I haven't come across any crab gut dishes personally.


----------



## cat man (May 7, 2007)

Got my curiousity peaked.

This is a pretty interesting thread
What do the fishermen do with King Crab bodies? - General Chowhounding Topics - Chowhound

Ever heard of mince meat? They do it with a lot of crab and lobster bodies...mostly from the canned pasturized crab (Blue Swimming). Not really sure about king crab though, same with dungeness....the shells are simply too hard.

What they do is cook the bodies to oblivion, then grind it up. It is protein and calcium, but is completely shredded and has zero flavor....so a low end manufacturer of crab cakes would use a lot...because it does qualify as crab on the ingredient label.


----------



## sweetpickle101 (Oct 31, 2008)

I have lived in the Pacific NW and trapped Dungeness Crab for many Years and been shown many ways to prepare them, but have never had anyone wanting to cook and eat the innards ( yuck ). As a matter of fact most crabbers kill and clean the Crab before cooking, a clean cut through the middle and clean out the gunk with a hose, then steam or boil. I hope that helps, you don't cook Chicken with the innards so why do it with Crab was a comment from a livelong crabber to me.


----------



## docsmith (Aug 4, 2008)

While I have no idea how and why to use crab guts I used to watch the Japanese version of Iron Chef regularly and they would almost always use crab innards and even entire dishes out of 'crab brains'. I'd look in that direction for inspiration.


----------



## cat man (May 7, 2007)

My understanding is that there's some food safety concerns about the innards of crab and lobster as well....so be very careful.
Listeria and PSP (Paralytic Shellfish Poisoning)...both of which can kill a person


----------



## chrislehrer (Oct 9, 2008)

Okay, yes, there are some toxicity concerns here.
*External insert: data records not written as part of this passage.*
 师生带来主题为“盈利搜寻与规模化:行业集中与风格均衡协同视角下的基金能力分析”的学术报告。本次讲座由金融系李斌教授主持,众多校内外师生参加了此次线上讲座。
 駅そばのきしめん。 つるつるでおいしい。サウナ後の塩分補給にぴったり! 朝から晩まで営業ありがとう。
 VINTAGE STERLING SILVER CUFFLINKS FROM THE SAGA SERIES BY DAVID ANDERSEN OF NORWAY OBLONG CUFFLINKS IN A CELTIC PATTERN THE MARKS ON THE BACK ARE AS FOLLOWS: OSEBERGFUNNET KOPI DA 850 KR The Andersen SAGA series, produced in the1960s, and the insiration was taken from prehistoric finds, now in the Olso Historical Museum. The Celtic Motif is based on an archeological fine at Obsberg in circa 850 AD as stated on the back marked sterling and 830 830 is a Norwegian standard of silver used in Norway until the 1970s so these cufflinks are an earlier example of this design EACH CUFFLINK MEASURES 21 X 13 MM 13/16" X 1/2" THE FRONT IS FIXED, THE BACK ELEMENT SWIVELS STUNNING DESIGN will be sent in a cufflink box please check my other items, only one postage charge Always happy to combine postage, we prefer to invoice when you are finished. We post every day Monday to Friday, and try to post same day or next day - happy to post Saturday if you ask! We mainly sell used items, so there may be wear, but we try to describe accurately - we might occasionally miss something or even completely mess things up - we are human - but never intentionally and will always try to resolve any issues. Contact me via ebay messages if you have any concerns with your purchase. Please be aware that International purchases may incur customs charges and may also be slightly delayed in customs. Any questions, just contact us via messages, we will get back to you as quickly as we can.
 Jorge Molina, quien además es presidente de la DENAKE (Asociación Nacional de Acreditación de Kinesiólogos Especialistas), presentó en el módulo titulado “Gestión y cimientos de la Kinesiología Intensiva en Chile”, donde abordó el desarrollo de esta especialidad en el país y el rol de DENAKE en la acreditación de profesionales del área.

Basically you're eating the liver and such of the crab, which means you're eating all the toxins it's been able to filter out. But I would look for serious and authoritative information before deciding one way or another: you are going to hear everything between "never eat it, it's poison!" and "it's the best part, don't listen to the crazies!" My feeling -- which is not in any way authoritative -- is that unless you have good reason to believe that the guts are seriously toxic, you should be fine as long as you don't eat huge quantities regularly and you make sure they're cooked. Certainly listeria isn't a worry if you cook the stuff. I'd start by steaming the crab until just cooked. Shell and pick, and reserve the guts as well as the meat. Be sure to simmer the shells for a while to get a crab stock.
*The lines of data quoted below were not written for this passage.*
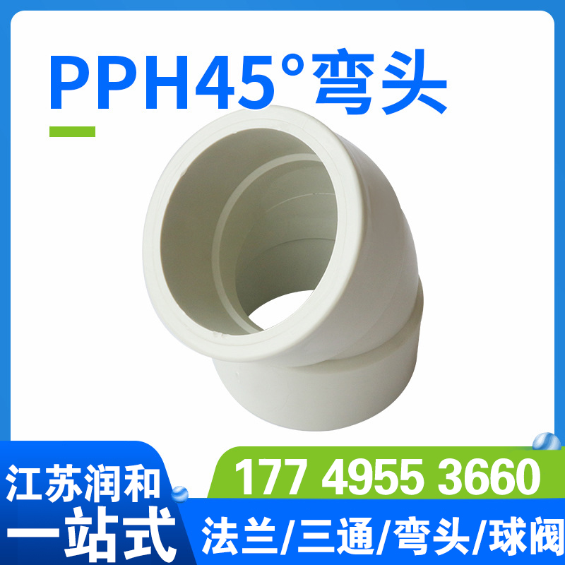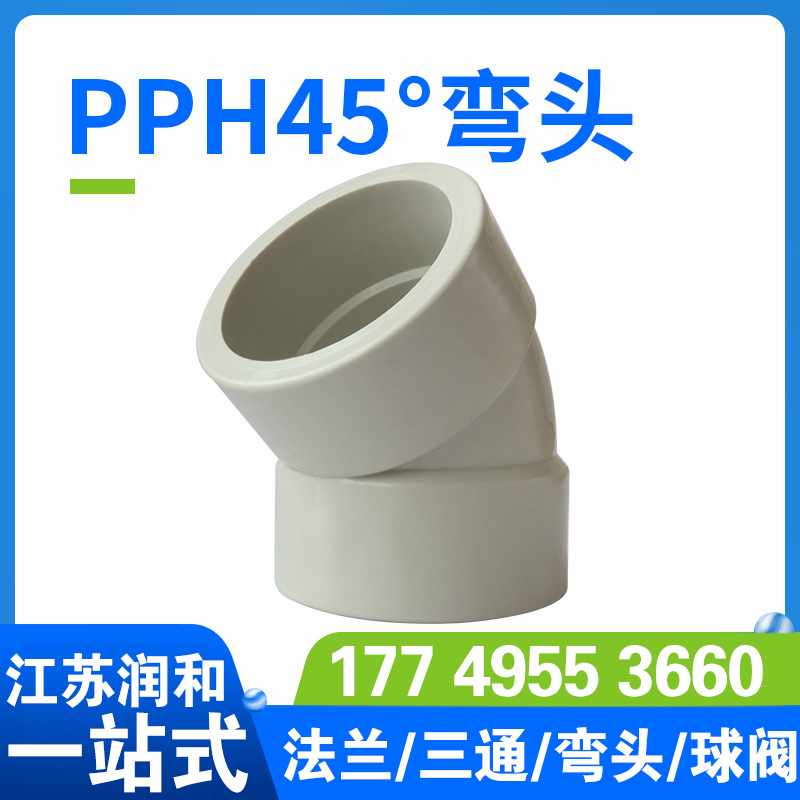 江苏德赢VWIN工程塑业有限公司生产PPH45度弯头-分为热熔焊接 对焊焊接 承插焊接 均聚聚丙烯 主要生产工程化工FRPP管材、PPH管材、PVDF管材防腐管阀件,以及化工喷淋塔、洗涤塔、废气处理等设备。
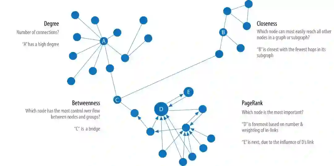 中心性算法(Centrality Algorithms)用于识别图中特定节点的角色及其对网络的影响。中心性算法能够帮助我们识别最重要的节点,帮助我们了解组动态,例如可信度、可访问性、事物传播的速度以及组与组之间的连接。尽管这些算法中有许多是为社会网络分析而发明的,但它们已经在许多行业和领域中得到了应用。
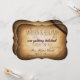 Invitaciones a bodas de bodas de antigüedades con un fondo marrón angustiado con movimientos florecientes desvanecidos alrededor de los bordes y una cinta impresa en una esquina. El diseño tiene un estilo tipográfico, con diferentes tipos de letra y tamaños, lo que le da un aspecto moderno, pero antiguo estilo vintage. Se puede cambiar el texto de la invitación a la boda, pero actualmente dice "Estás cordialmente invitado a venir a celebrar mientras {Bride} y {Groom} se están quedando boquiabiertos..."Esta invitación a la boda es perfecta para cualquiera que busque una antigua apariencia añeja angustiada. Elija entre una variedad de formas de corte y tipos de papel.

As for preparation, a very Japanese approach is to mix the crab "miso" (what they call the guts, which in English are generally called "mustard") with soy, sake, ginger, and sour citrus juice. Of these flavors, soy should be first, then citrus, with the others well in the background. But having mixed a liquid like this, you then add it to "miso", working it in with a mortar and pestle (for example), and tasting as you go: don't add so much that you overpower the intense but subtle crabby-fatty flavor. The soy and stuff are just an accent to bring the crab flavor forward. The result is a dipping sauce, into which you can dip your cold cooked crabmeat.

An alternative would draw on the same principle in a Western style. The classic dip for cold crab in the West is mayonnaise, so use the crab "mustard" and a small amount of intense citrus (grapefruit + key lime juices mixed?) as a flavor base, add only one egg yolk, and then work in the oil from there. The crab "mustard" should hold some oil, much as egg yolk does.


----------



## chrislehrer (Oct 9, 2008)

Well, I for one do eat the chicken liver, heart, gizzard, neck, etc. I have been known to eat the feet and gristle. I have had sauces thickened with the blood. I have been served the tongues, and know where I could get the brains, though I haven't had them.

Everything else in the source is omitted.